*Exercise instructions*. Return, exactly and with nothing added, the line with "Sika-Designs spegel Ella" together with all lines after it through the end of the data below. No pictures belong in the copy.

(Records from a data source)
-----
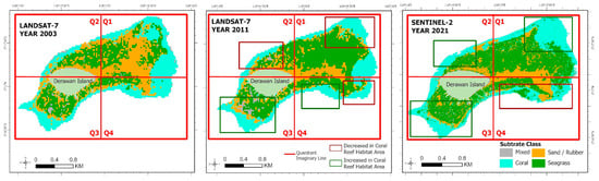 Our analysis demonstrated that the RF classification algorithm was supremely accurate, primarily due to its capability to process large-scale data sets. In this study, we identified four distinct benthic habitat types: mixed, coral reef, seagrass, and sand or rubble. Utilizing this classification, we embarked on a detailed mapping of coral reef habitats. This was achieved by analyzing satellite data from three different years: Landsat 7 imagery from 2003 and 2011, and Sentinel-2 imagery from 2021. The insights gained from this mapping exercise laid the groundwork for an extensive examination of the spatial and temporal changes in Derawan Island’s coral reef habitats, with a particular focus on alterations in their size and composition over the years.
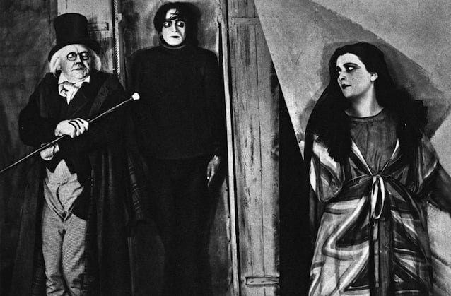 Muchos de los cortometrajes del pionero Georges Méliés son deudores claros de su pasado como gente del teatro, así mismo estaban impregnados de las características del Grand Guignol, el famoso teatro francés de las atrocidades. Este título alemán que se cita continuamente como un antecedente del cine expresionista y el de aquel Hollywood que produjo los monstruos clásicos de la Universal, nos presenta esta realidad retorcida también en escenarios teatrales de manera consciente para introducirnos en una historia de locura en la cual un hombre cuenta las andanzas de un hipnotizador de feria y su esclavo sonámbulo, deambulando no sólo entre esos escenarios irreales sino a través de flashbacks dentro de flashbacks.
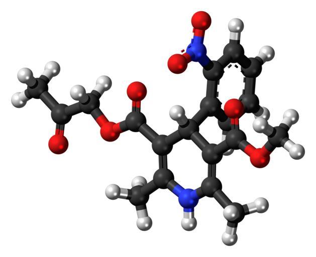 | Keywords: Aranidipine-3D-balls.png Ball-and-stick model of the aranidipine molecule a calcium channel blocker Colour code 505050 Carbon C black<br> F0F0F0 Hydrogen H white<br> F51E1E Oxygen O red<br> 3C50FA Nitrogen N blue<br> 2011-06-13 own DS Visualizer Jynto talk Space-filling version cc-zero Aranidipine Ball-and-stick models Images by Jynto |
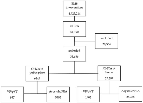 From the available database of 4,925,214 EMS calls, 54,190 patients with a diagnosis of cardiac arrest (ICD I10-I46) who received CPR at the scene were selected. Patients who had suffered OHCA as a result of suicide attempt, crime, trauma, etc., who had died before the arrival of EMS, and who had no information in their medical records about the initial rhythm of OHCA were then excluded from the study. Finally, data from 33,636 patients were analyzed (Figure 1). Patients were divided based on the occurrence of OHCA in public and non-public places. In this study, “public places” were defined as non-residential locations, including open public areas such as parks, streets, and public transportation stations, as well as workplaces, commercial areas, and other non-residential settings. “At-home” or “non-public places” referred exclusively to private residences. Data such as sex, age, comorbidities (hypertension (HT), diabetes mellitus (DM), heart failure (HF), obesity), and history of acute coronary syndrome (ACS) and stroke were analyzed.
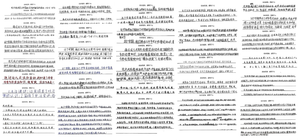 所有靶向活动结束后,各班在道德与法治课堂上组织学生撰写法治学习活动感悟。学生们结合问卷调研后的期待、系列活动中的所见所闻所感,分享了对宪法与法律的新认知,记录了在模拟法庭、基地参观、专题讲座中的收获,梳理了自身法治意识的转变与提升,让法治体验从实践层面深化到思想层面。
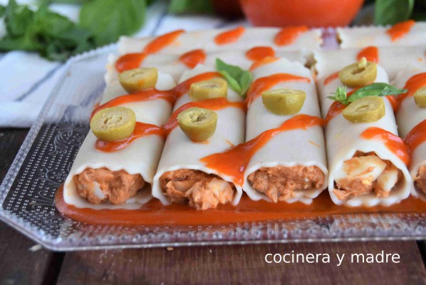 Cuando llega el calor apetecen platos frescos y fáciles, como estos canelones fríos de atún y tomate. Una pasta fría rellena de un mezcla infalible de atún, huevo, tomate,… se preparan en un momento y se comen bien fresquitos con lo que son perfectos para prepararlos con anterioridad
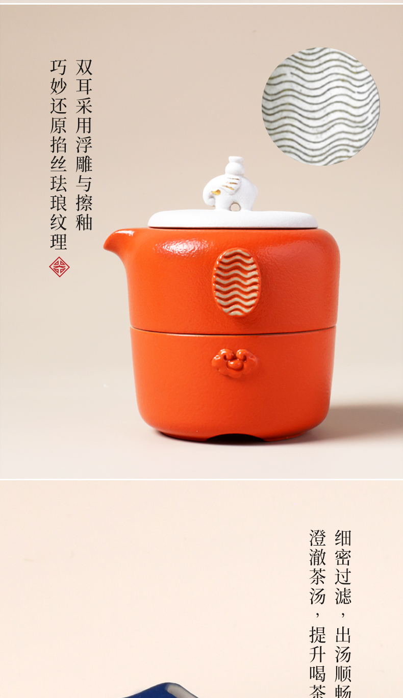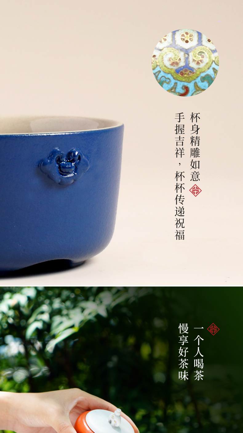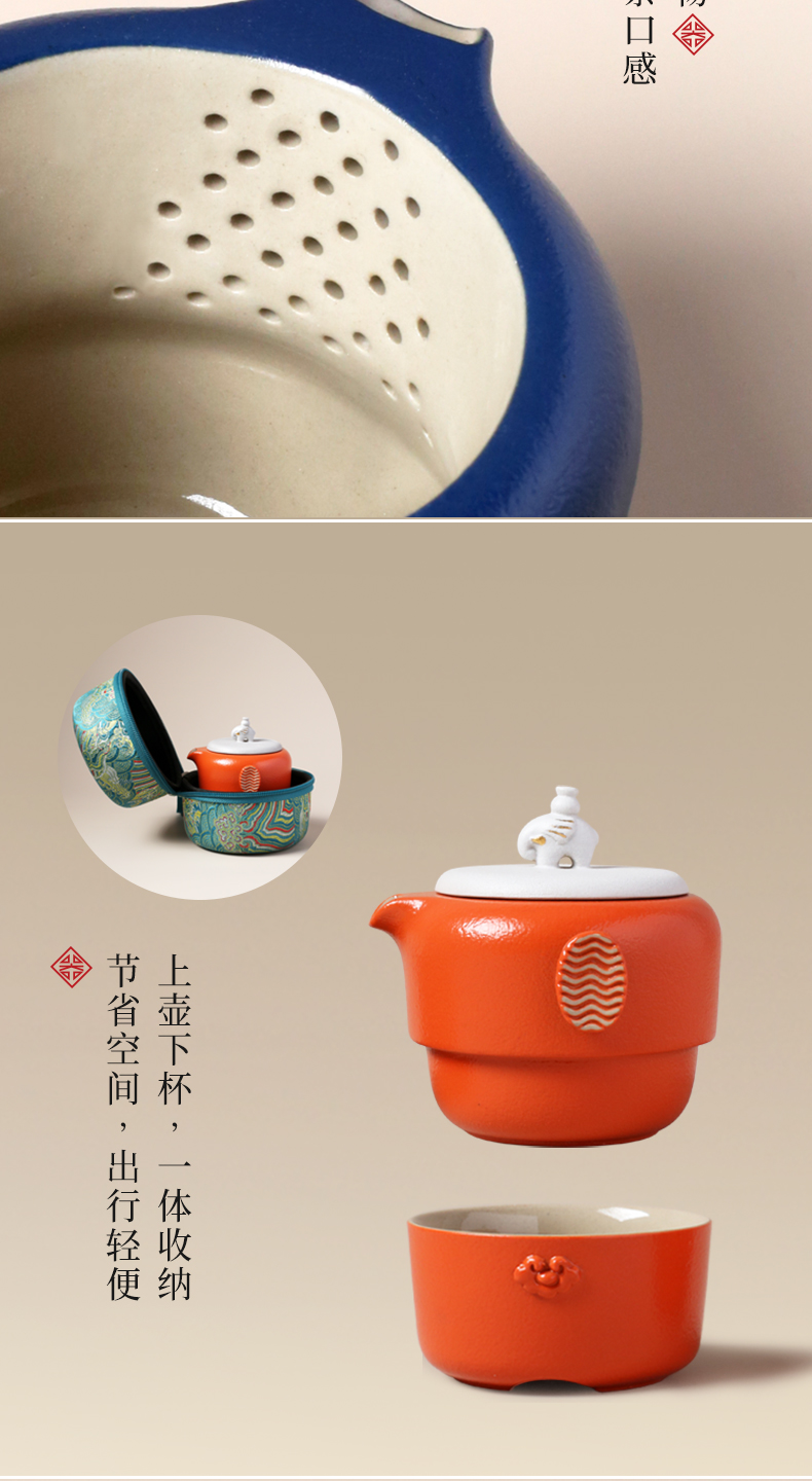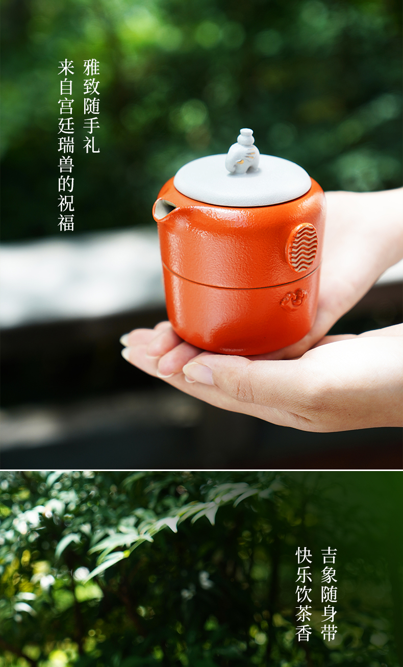 【特惠7折】陆宝联名旅行快客杯功夫茶具套装一人户外便携太平有象旅行茶具组宝石蓝
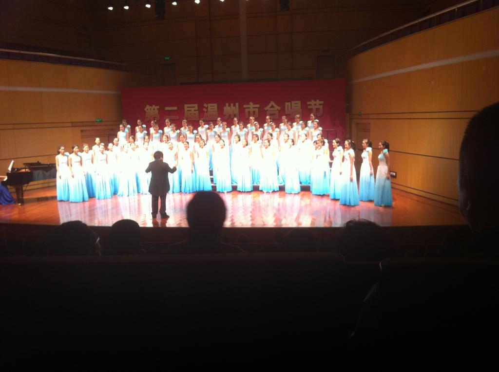 温州市合唱节每三年一届,是我市合唱界最高规格的赛事,昨天我市各地26支合唱团分下午和晚上两场,展开了激烈的角逐,千余名演员以讴歌祖国为主题,以喜迎十八大的情怀,激情演绎了一曲曲和谐颂歌,我院女生合唱团以清新、动情的演唱赢得了评委的一致好评,荣获金奖。
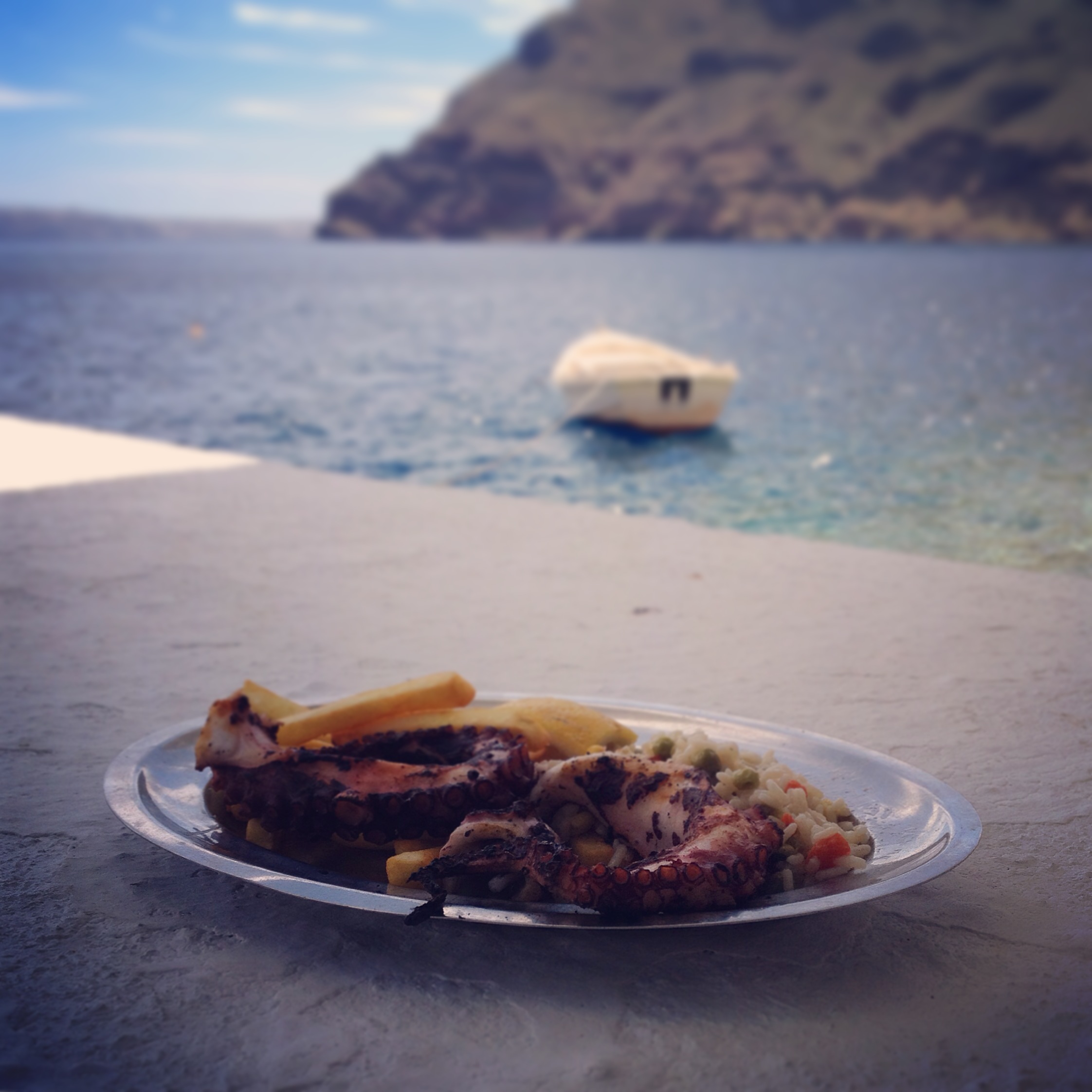 Ich muss gestehen, so richtig waren wir nur einmal Abendessen. Essen mit Ausblick war mir zu teuer, vor allem, wenn ich den Ausblick sowieso habe und im Vorfeld nicht weiß, was ich bekomme. Die eine Erfahrung machte die Sache dann auch nicht besser, völlig tot gebratener Thunfisch ist jetzt keine Empfehlung. Der durchaus empfehlenswerte Süßwein aus Santorini, Vinsanto, als Apperitif konnte die Angelegenheit auch nicht mehr retten. Vielleicht hat ja jemand genauere Informationen oder sogar Erfahrungen?
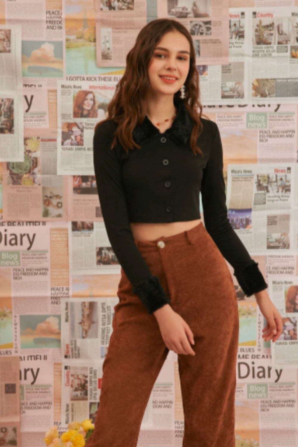 SKU:ButtonOpenFrontFullSleevesCropTop-XS
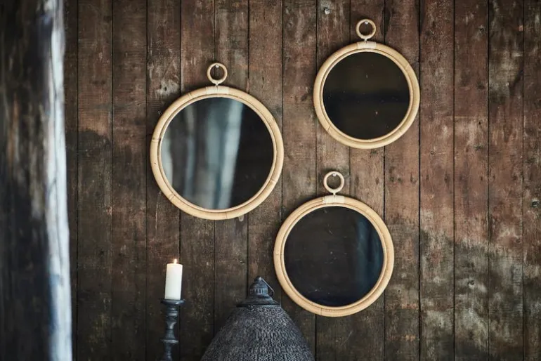 Sika-Designs spegel Ella ingår i Originals-kollektionen med rottingmöbler och accessoarer från 1950- och 1960-talet. Ella-spegelns ram är tillverkad av handböjd rotting, vilket ger spegeln en lätt och organisk karaktär, och den har en liten rund ögla för att hänga upp spegeln på väggen i badrummet, hallen eller sovrummet.
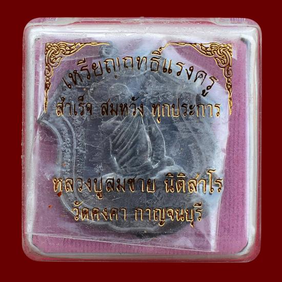 *** เคาะเดียวแดง ทุกรายการ *** เหรียญฤทธิ์แรงครูหลังพระพิฆเณศ เนื้อตะกั่ว หลวงปู่สมชาย วัดคงคา กาญจนบุรี ปี 2557 มีกล่อง สภาพตามรูป (No.1)
-----
*Task solution*.
 Sika-Designs spegel Ella ingår i Originals-kollektionen med rottingmöbler och accessoarer från 1950- och 1960-talet. Ella-spegelns ram är tillverkad av handböjd rotting, vilket ger spegeln en lätt och organisk karaktär, och den har en liten rund ögla för att hänga upp spegeln på väggen i badrummet, hallen eller sovrummet.
 *** เคาะเดียวแดง ทุกรายการ *** เหรียญฤทธิ์แรงครูหลังพระพิฆเณศ เนื้อตะกั่ว หลวงปู่สมชาย วัดคงคา กาญจนบุรี ปี 2557 มีกล่อง สภาพตามรูป (No.1)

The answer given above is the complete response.